Task to complete → Write out each line of the listing as it stands, without the images.

Data extract →
........

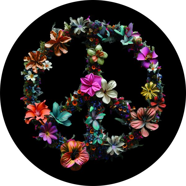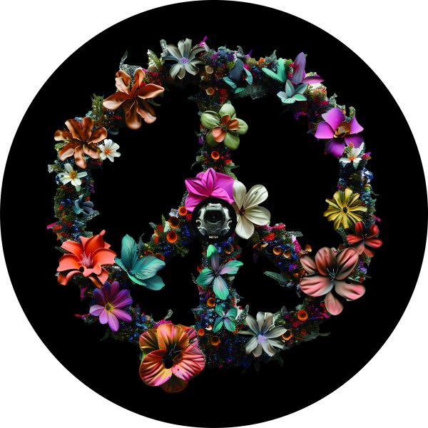 Enhance your vehicle's appearance with the Assorted Flowers Peace Sign Tire Cover!
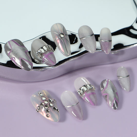 Star Cat's Eye French Tip Handmade Almond Nails A919
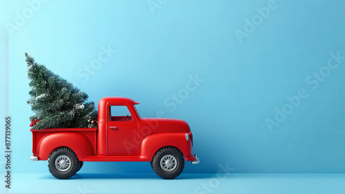A red pickup truck with a Christmas tree on a flat light blue background with a place for text. The concept of celebrating Christmas and New Year.

........

Output of the task →
 Enhance your vehicle's appearance with the Assorted Flowers Peace Sign Tire Cover!
 Star Cat's Eye French Tip Handmade Almond Nails A919
A red pickup truck with a Christmas tree on a flat light blue background with a place for text. The concept of celebrating Christmas and New Year.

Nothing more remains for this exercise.